Two states claimed the Olympic silver medal winning shuttler as their own ‘Ammayi’, because her father belonged to one state and mother belonged to another. I did not win any medals at Rio. Hence, no state claimed me as their ‘Abbayi’. But I share the same predicament as the now famous shuttler. I was born in Kerala, but brought up in Tamil Nadu, because my father worked there.
Since I speak Tamil with a Malayalam accent, people ask me if I’m from Kerala. My mother’s parents lived in Kerala, and hence my mother delivered me at her parents’ house as was the custom in those days, I explain. My maternal grandparents taught me Malayalam whenever I visited them during school holidays.
However, I was educated in Tamil Nadu, I reiterate, to reassure the doubting Thomases. When I went to Mumbai to earn my bread and butter, the locals clubbed me along with other Madrasis. In those days, a chauvinistic Sena was unhappy with Madrasis who had come to the then Bombay to deprive the locals of their employment opportunities. I lived in constant fear of being driven out of the city for being a Madrasi.
Later, when I shifted to Delhi, the Madrasi tag went with me.

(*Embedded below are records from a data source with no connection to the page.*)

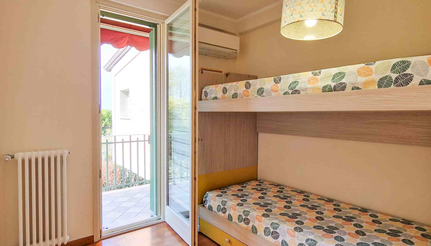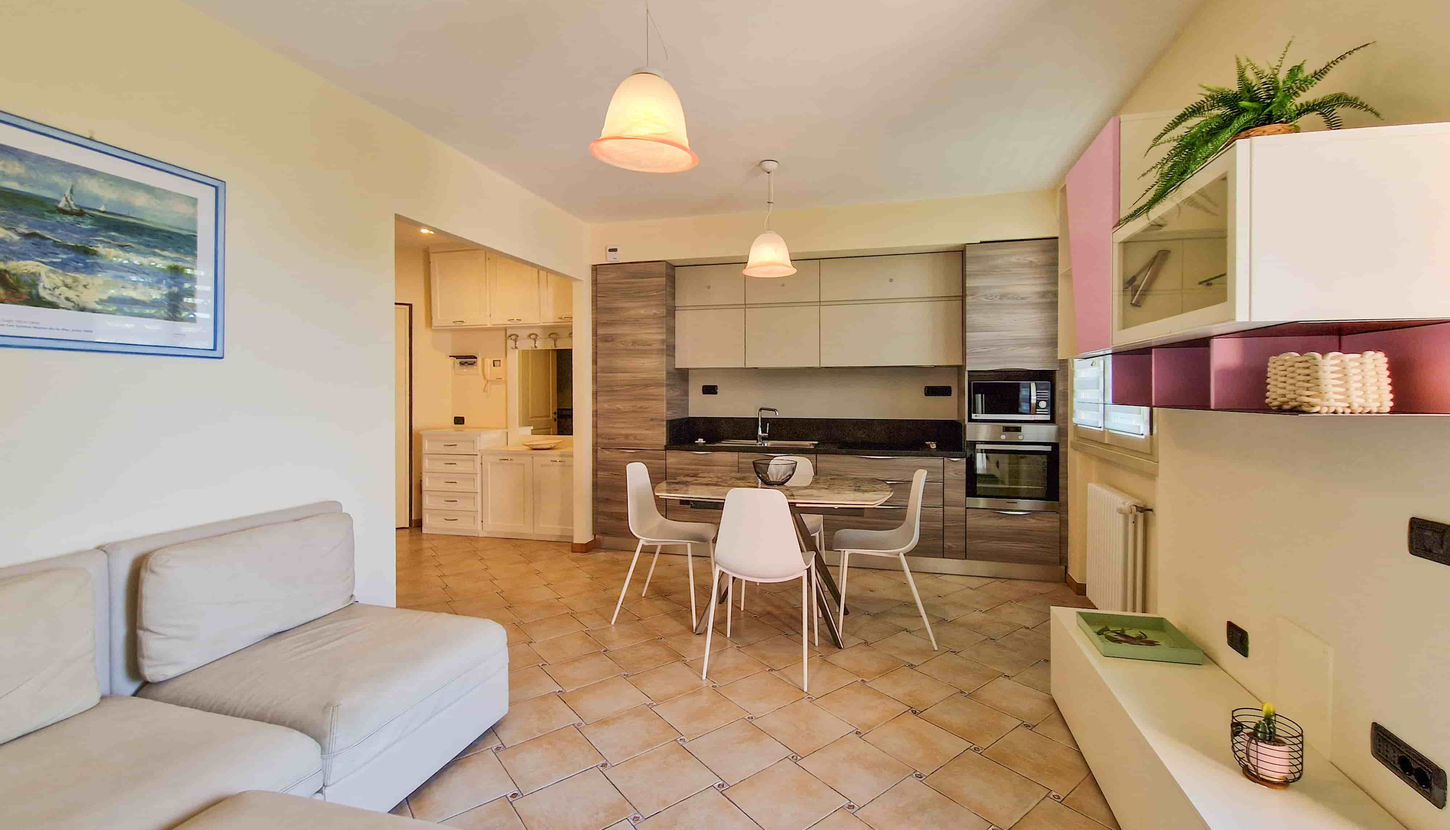 All'ingresso dell'appartamento troviamo un'ampia sala, con appendiabiti, cucina con piano a induzione, tavolo da pranzo estendibile, divano ad angolo ed accesso ad un balcone lato mare, un ampio bagno con doccia e lavatrice, una camera matrimoniale ed una cameretta con due letti a castello dalla quale si accede al balcone.
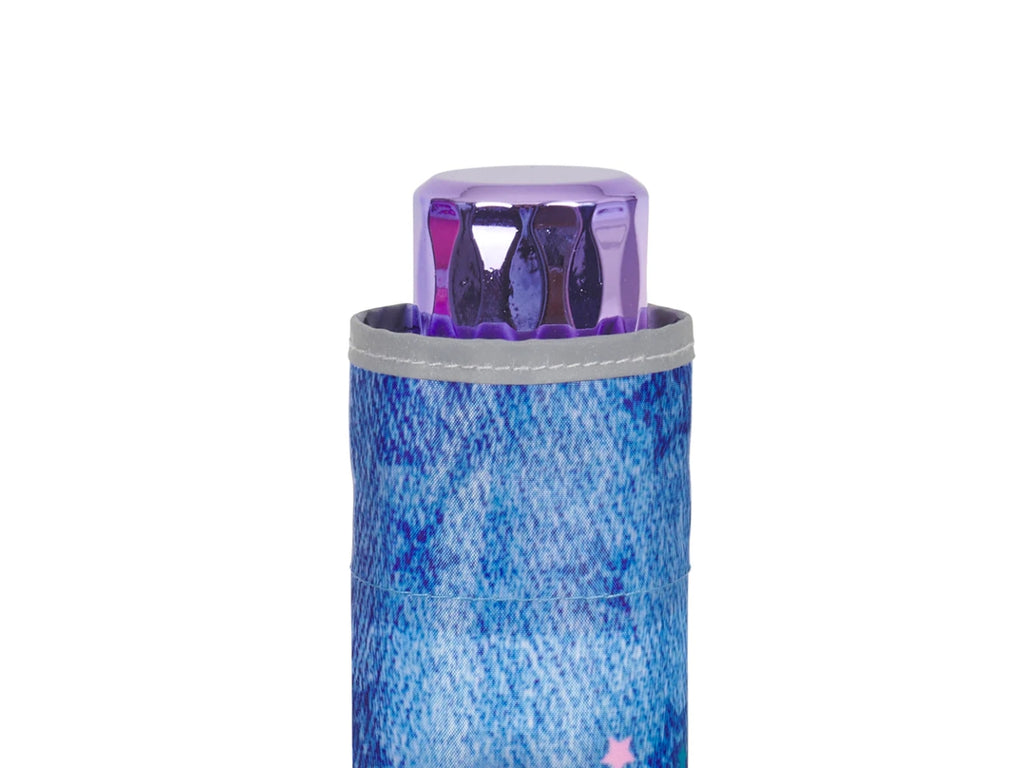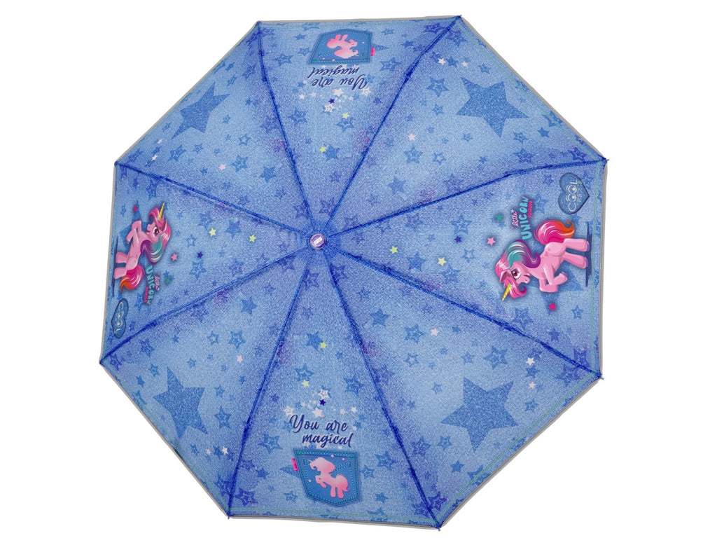 Entra nel mondo onirico degli unicorni passeggiando sotto la pioggia con questo ombrellino originale. Lo sfondo denim e la stampa di un un unicorno rosa lo rendono un accessorio di tendenza e alla moda. Eâ perfetto per le bambine a partire dai 7 anni, ed è facilmente trasportabile in una borsa o in uno zainetto. I suoi profili catarifrangenti permettono unâalta visibilità anche nelle giornate più buie e garantiscono la massima sicurezza. La struttura composta da innovative bacchette in fibra di vetro assicura un'ottima resistenza alle raffiche di vento più forti. L'apertura è manuale e facilitata grazie al pratico sistema salva-dito con puntine arrotondate e fissate a prova di bambino. Il regalo che cercavi da sempre!
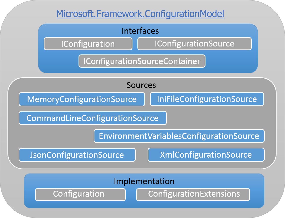 在Microsoft.Framework.ConfigurationModel命名空間下,目前有6種不同類型的配置源類型可以使用,分別如下:
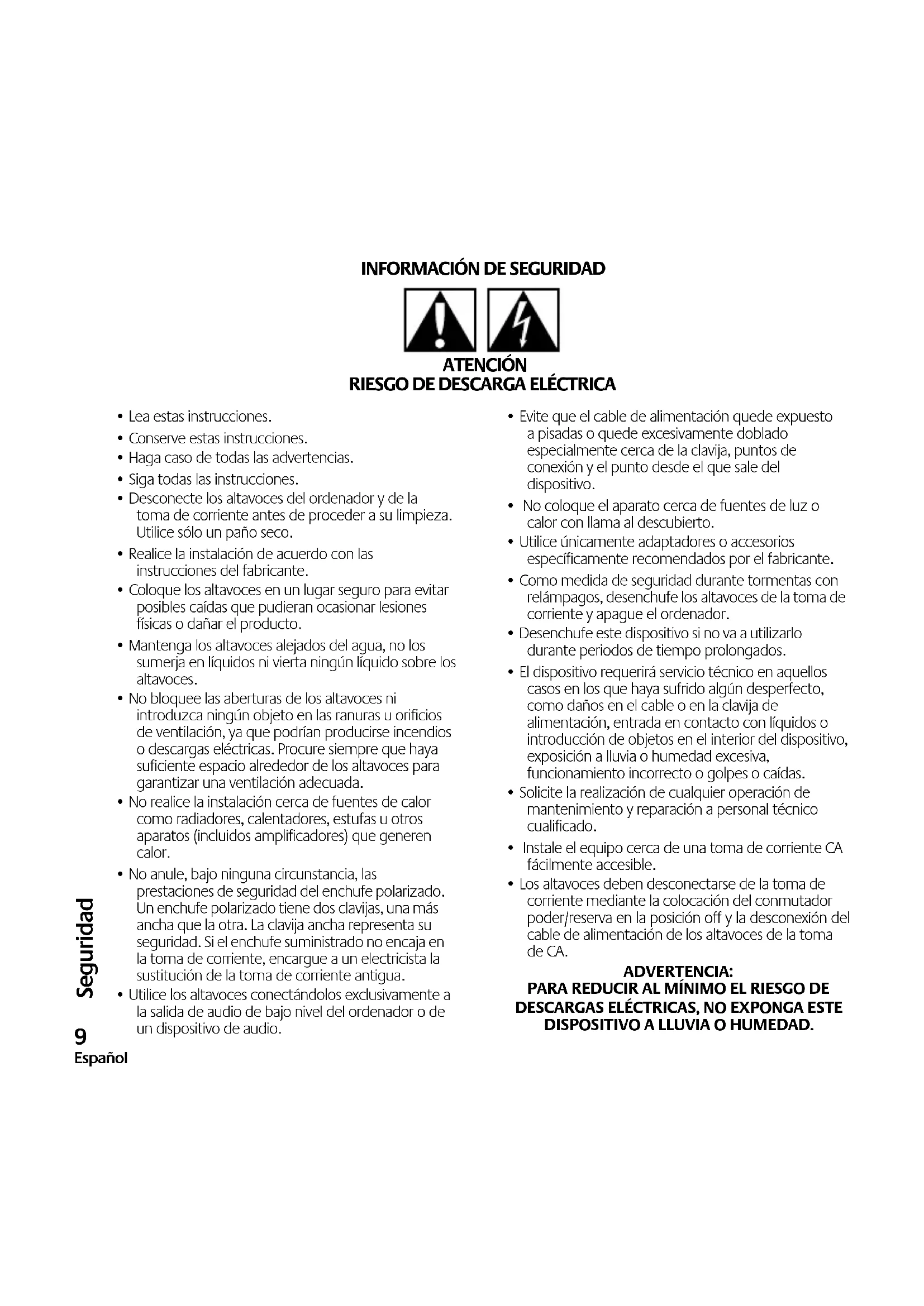 - Desconecte los altavoces del ordenador y de la toma de corriente antes de proceder a su limpieza. Utilice sólo un paño seco.
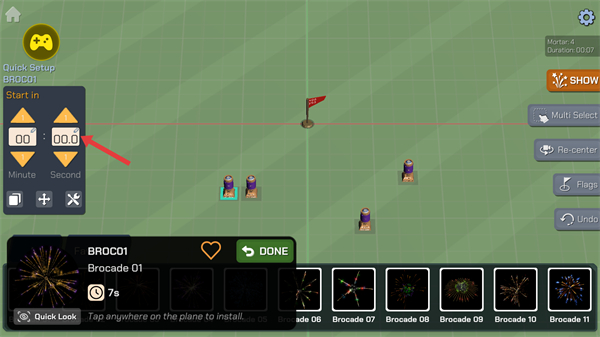 2、在搭建界面,选择烟花样式并放置到网格场景,可调整【Start-in】时间设置燃放时机。

Fortunately, Delhiites did not hate Madrasis. They considered them to be docile chaps who would not create any problems.
Hence renting a house to live in Delhi was easy. Another problem I have encountered on being labelled a Madrasi is that people presuppose that all south Indians drink coffee. In my house, Coffee was reserved for elders only. My mother never gave me and my siblings coffee, either because coffee beans were costly or she thought the brew was not good for children. After growing up, I relocated to Mumbai and Delhi and got used to tea. The lady of the house also happened to be a tea drinker, and hence my house never had coffee powder in store. My brother and sister got used to coffee after their marriage.
The other day, my brother and I went to a restaurant where he ordered filter coffee, telling me that they made it well. He was flabbergasted when I told him that I wouldn’t drink coffee and asked for tea instead. Once, two trainee officers from north India visited my house. When my wife served them tea with snacks, they looked puzzled, and finally one of them blurted out, “We came expecting that we will get to taste filter coffee in a south Indian home”. I apologized for disappointing them. Some of us, like the medal winning shuttler, have to bear the burden of our split domiciles.